Congada Em Minas Gerais - Minas Gerais traz a tradição das congadas e quadrilha para o Festival ...
Minas Gerais traz a tradição das congadas e quadrilha para o Festival ...

O que é e como funciona a congada mineira na prática

A congada em Minas Gerais é uma tradição que mistura música, dança e devoção com raízes africanas, católicas e indígenas. Ela acontece principalmente durante as festas de São Benedito e de Nossa Senhora do Rosário. Existem dois grupos principais que você precisa entender logo de cara: os Congos de Caipira e os Congos de Mato. Cada um tem coreografia, indumentária e repertório próprios. Muita gente acha que é só subir num palco e tocar. A realidade é bem mais burocrática. Para realizar uma congada em Minas Gerais de forma legal, você precisa de autorização da prefeitura, alvará de uso do solo para o local, e se for em via pública, o afastamento de faixa e o controle de ruído. Isso sem contar a questões de segurança e primeros socorros que exigem profissional habilitado.

Por que a congada em minas gerais é diferente das outras?

O que torna a congada mineira distinta é a mistura específica de elementos. Enquanto no Rio de Janeiro você tem o maracatu e a congada carioca com suas características próprias, em Minas a presença dos batuques de terreiro e as influências das irmandades religiosas do século XVIII criam um cenário único. O uso do gonguê, da caçamba e dos berimbaus varia de região para região dentro do estado. Em Patos de Minas, por exemplo, os Congos de Caupim têm uma tradição completamente diferente dos Congos de Uberlândia, que ficam do outro lado da fronteira mas compartilham raízes. Outro ponto que os iniciantes sempre ignoram: a congada não é uma única performance. Ela tem uma estrutura ritualística própria que inclui a vovó, o capitão-mor, os congos de cavalo, as princesinhas, as baianas e os batuqueiros. Cada personagem tem função específica e saber a hierarquia é essencial para organizar qualquer apresentação ou evento.

Um problema real que eu encontrei na prática diz respeito à questão dos instrumentos de percussão artesanais.
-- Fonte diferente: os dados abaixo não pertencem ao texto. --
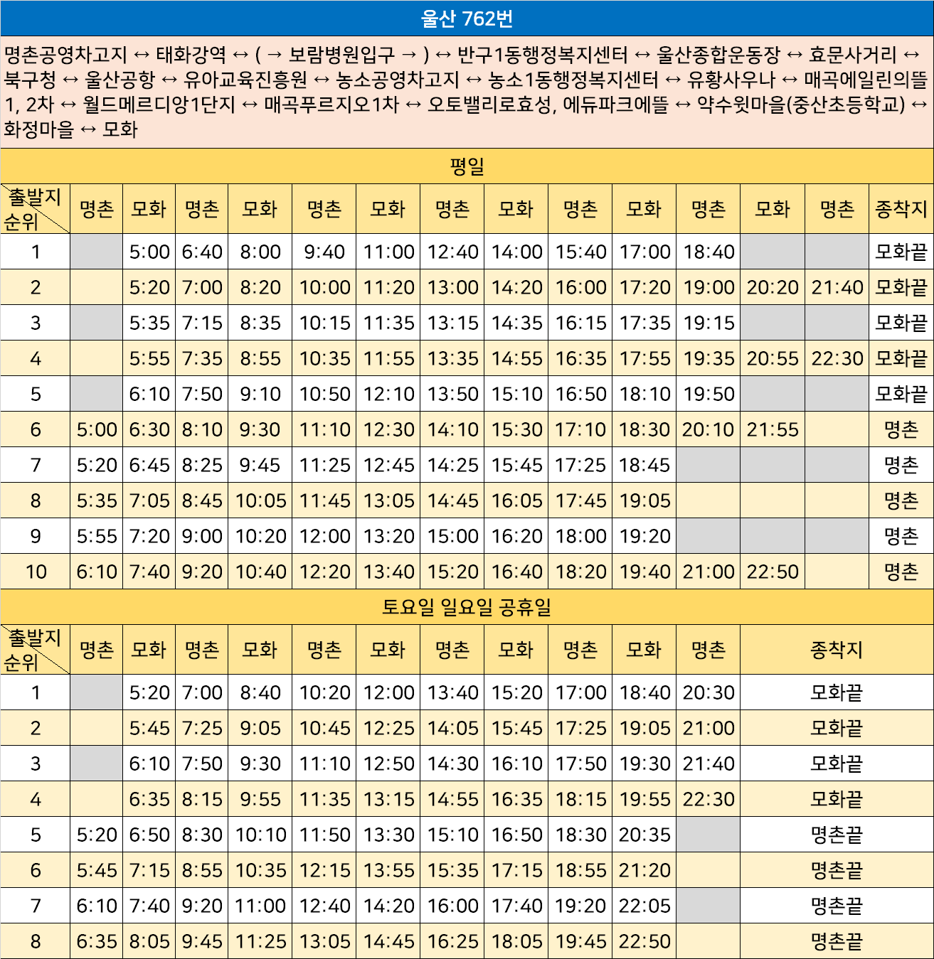 울산 762번: 명촌공영차고지 ↔ 태화강역 ↔ ( → 보람병원입구 → ) ↔ 반구1동행정복지센터 ↔ 울산종합운동장 ↔ 효문사거리 ↔ 북구청 ↔ 울산공항 ↔ 유아교육진흥원 ↔ 농소공영차고지 ↔ 농소1동행정복지센터 ↔ 유황사우나 ↔ 매곡에일린의뜰1, 2차 ↔ 월드메르디앙1단지 ↔ 매곡푸르지오1차 ↔ 오토밸리로효성, 에듀파크에뜰 ↔ 약수윗마을(중산초등학교) ↔ 화정마을 ↔ 모화

Muitos grupos tentam reproduzir os tambores originais mas acabam usando couro sintético ou peles tratado com produtos químicos que estragam o som e ainda podem ser rejeitados por fiscalizações de vigilância sanitária quando o grupo entra em espaços fechados ou gastronômicos. A solução que funcionou foi mapear curtidores tradicionais em cidades como Araxá e São João del-Rei, que trabalham com couro vegetal de forma adequada, garantindo tanto a qualidade sonora quanto a conformidade com normas básicas de saúde.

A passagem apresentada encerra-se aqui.